WHAT THE TASK REQUIRES:
When you reach a picture, pass over it; otherwise repeat the listing word for word.

╭─ EXERCISE INPUT

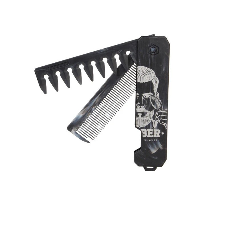 Składany grzebień kieszonkowy 22,2 x 2,8 x 2,8 cm 3w1 szerokie i drobne zęby do stylizacji włosów i zarostu praktyczny grzebień
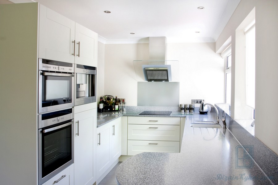 Вытяжка в современном или классическом стиле, если ее разместить по центру, украсит интерьер П-образной кухни.
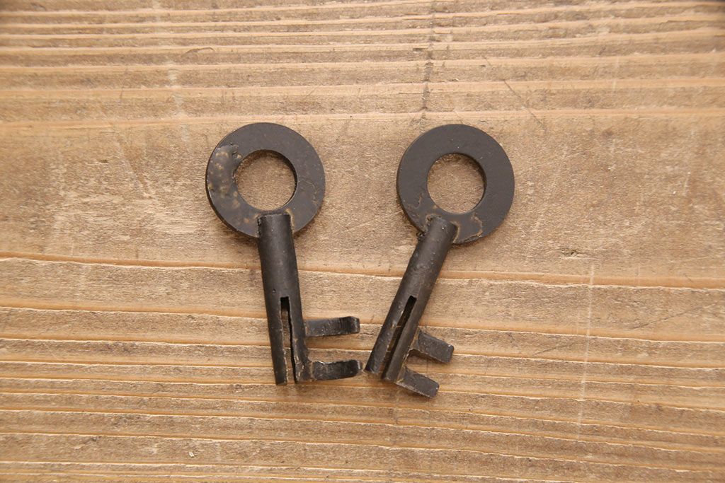 鍵は付属します。画像にありますように、袋に入れお付けします。スムーズに動くように調整していますが、あくまでも古いものや中古品ですので、長期の使用保証は出来かねます。ご購入後不具合が発生した場合は、当店でサポートさせていただきますので、お気軽にご相談くださいませ。
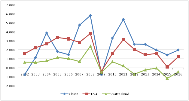 Figure 2 shows the dynamics of inflation in China, the United States, and Switzerland, which has led the ranking of countries' competitiveness for more than one year in a row. Here you can see the peak of 5.9% for China in the post-crisis year and its subsequent decline to 2% in 2015. Through effective monetary policy, China has achieved consistently low inflation, which has become an additional way to attract investment (Figure 2).
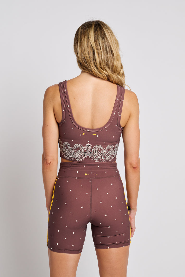A mid-coverage crop top in soft recycled peached fabric, featuring a chocolate paisley border print, a scoop neckline, and an internal shelf bra with removable cups. Designed with a printed arrow logo at the back, this breathable, moisture-wicking style is quick drying and extra soft to the touch.
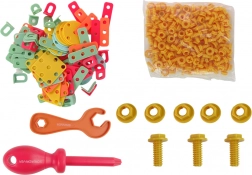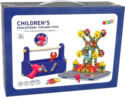 Sadržaj pakiranja: alatni kofer za sastavljanje, akumulatorski odvijač na baterije, konstrukcijska ploča, ravni ključ, odvijač, veliki set matica i vijaka, ravni dijelovi u oblicima geometrijskih figura.
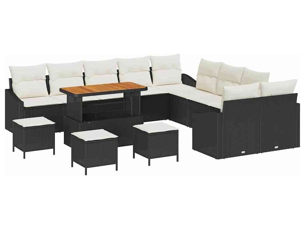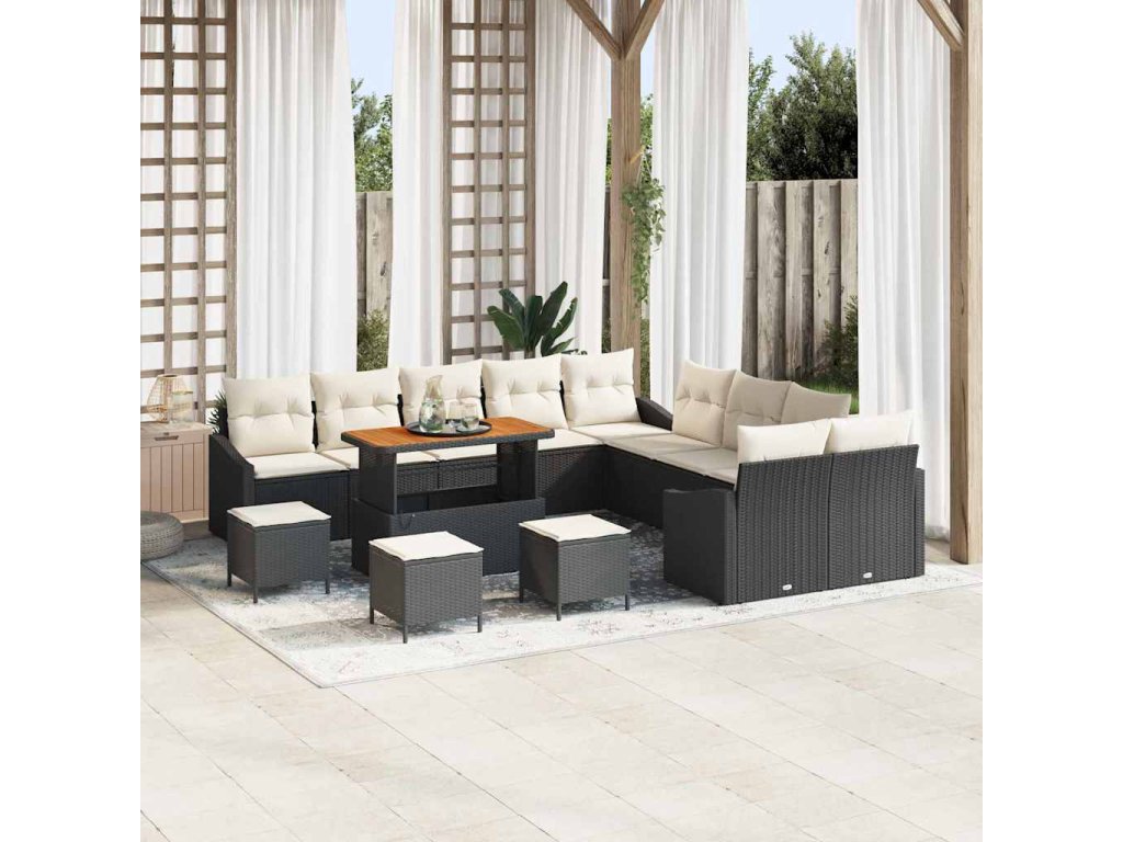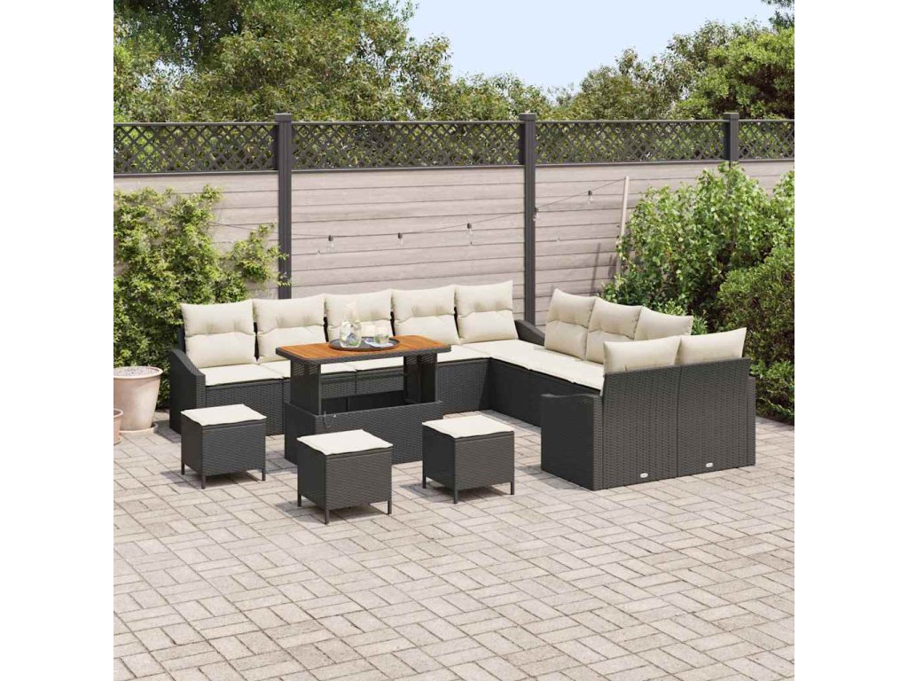 Sada zahradních pohovek s polštářem 13 pcs Černá a krémová [3364670]
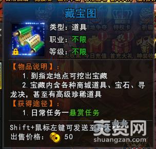 1.玩家在完成悬赏任务时,有几率获得藏宝图,第20环悬赏任务有几率获得高级藏宝图。
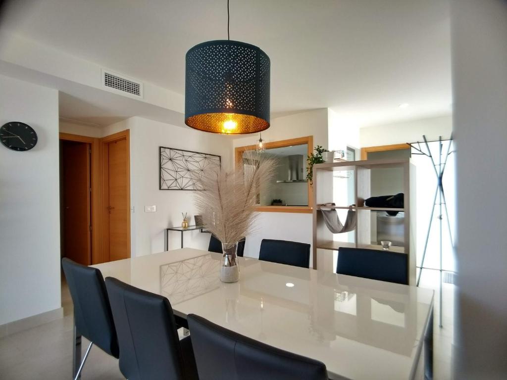 Au pied d'Aguilon golf 4203, que cuenta con piscina de temporada al aire libre, terraza y restaurante, ofrece alojamiento en San Juan de los Terreros con wifi gratis y vistas al mar. El alojamiento ofrece vistas a la piscina y al jardín y está a 39 km de Marina Golf Mojácar. Este apartamento con aire acondicionado consta de 2 dormitorios, una sala de estar, una cocina totalmente equipada con nevera y cafetera, y 2 baños con ducha y secador de pelo. Para mayor comodidad, el alojamiento puede ofrecer toallas y ropa de cama por un suplemento. En el apartamento, la clientela puede usar la zona de juegos infantil. Club de golf Valle del Este está a 29 km del alojamiento, y Marina Golf-Mojácar está a 35 km. El aeropuerto más cercano (Aeropuerto internacional Región de Murcia) está a 91 km.
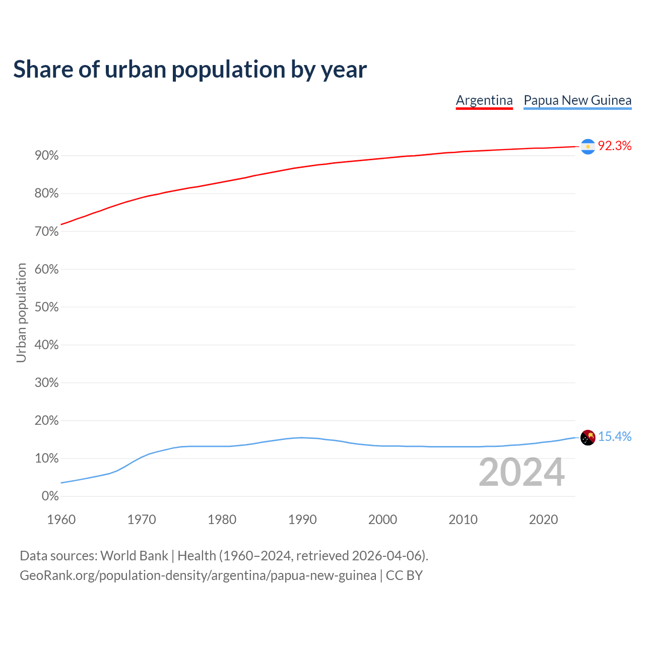 From 2004 to 2024, the share of urban population changed from 89.9% to 92.3% in Argentina and from 13.1% to 15.4% in Papua New Guinea.
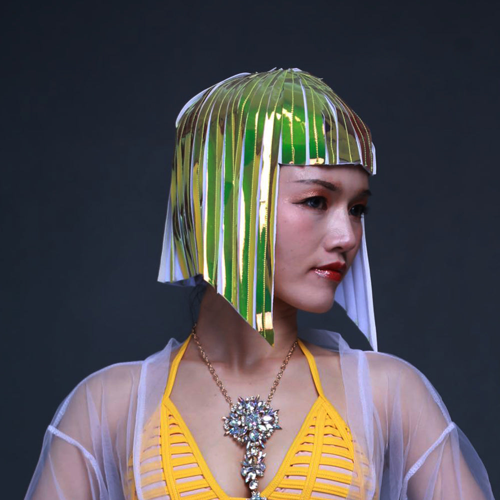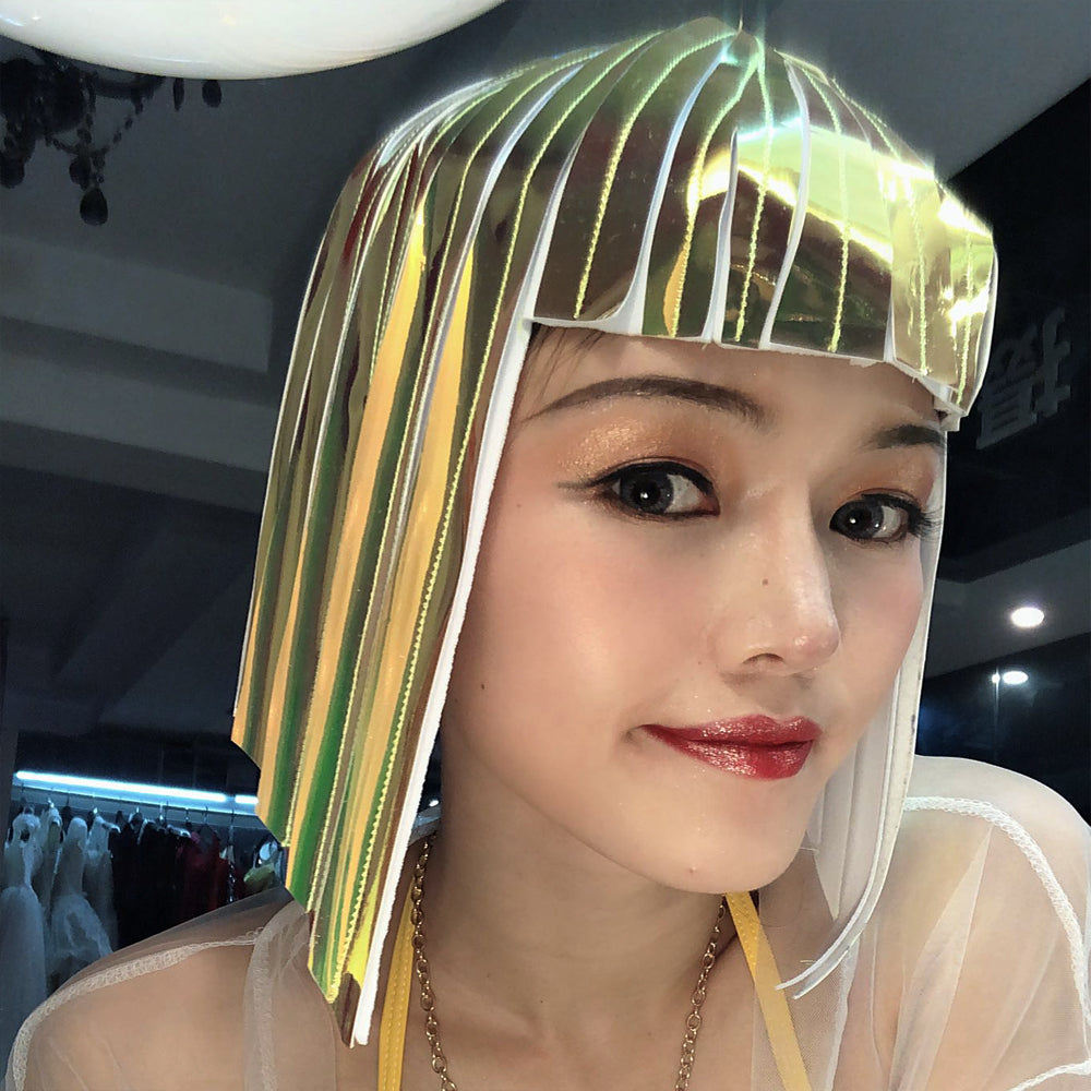 Future Space Female Wig Headgear Soldier's Cool Reflective Wig Bar GOGO Dance Wear Wavehead Mirror Wig Customize Colors

╰─

ANSWER TO THIS TASK:
 Składany grzebień kieszonkowy 22,2 x 2,8 x 2,8 cm 3w1 szerokie i drobne zęby do stylizacji włosów i zarostu praktyczny grzebień
 Вытяжка в современном или классическом стиле, если ее разместить по центру, украсит интерьер П-образной кухни.
 鍵は付属します。画像にありますように、袋に入れお付けします。スムーズに動くように調整していますが、あくまでも古いものや中古品ですので、長期の使用保証は出来かねます。ご購入後不具合が発生した場合は、当店でサポートさせていただきますので、お気軽にご相談くださいませ。
 Figure 2 shows the dynamics of inflation in China, the United States, and Switzerland, which has led the ranking of countries' competitiveness for more than one year in a row. Here you can see the peak of 5.9% for China in the post-crisis year and its subsequent decline to 2% in 2015. Through effective monetary policy, China has achieved consistently low inflation, which has become an additional way to attract investment (Figure 2).
A mid-coverage crop top in soft recycled peached fabric, featuring a chocolate paisley border print, a scoop neckline, and an internal shelf bra with removable cups. Designed with a printed arrow logo at the back, this breathable, moisture-wicking style is quick drying and extra soft to the touch.
 Sadržaj pakiranja: alatni kofer za sastavljanje, akumulatorski odvijač na baterije, konstrukcijska ploča, ravni ključ, odvijač, veliki set matica i vijaka, ravni dijelovi u oblicima geometrijskih figura.
 Sada zahradních pohovek s polštářem 13 pcs Černá a krémová [3364670]
 1.玩家在完成悬赏任务时,有几率获得藏宝图,第20环悬赏任务有几率获得高级藏宝图。
 Au pied d'Aguilon golf 4203, que cuenta con piscina de temporada al aire libre, terraza y restaurante, ofrece alojamiento en San Juan de los Terreros con wifi gratis y vistas al mar. El alojamiento ofrece vistas a la piscina y al jardín y está a 39 km de Marina Golf Mojácar. Este apartamento con aire acondicionado consta de 2 dormitorios, una sala de estar, una cocina totalmente equipada con nevera y cafetera, y 2 baños con ducha y secador de pelo. Para mayor comodidad, el alojamiento puede ofrecer toallas y ropa de cama por un suplemento. En el apartamento, la clientela puede usar la zona de juegos infantil. Club de golf Valle del Este está a 29 km del alojamiento, y Marina Golf-Mojácar está a 35 km. El aeropuerto más cercano (Aeropuerto internacional Región de Murcia) está a 91 km.
 From 2004 to 2024, the share of urban population changed from 89.9% to 92.3% in Argentina and from 13.1% to 15.4% in Papua New Guinea.
 Future Space Female Wig Headgear Soldier's Cool Reflective Wig Bar GOGO Dance Wear Wavehead Mirror Wig Customize Colors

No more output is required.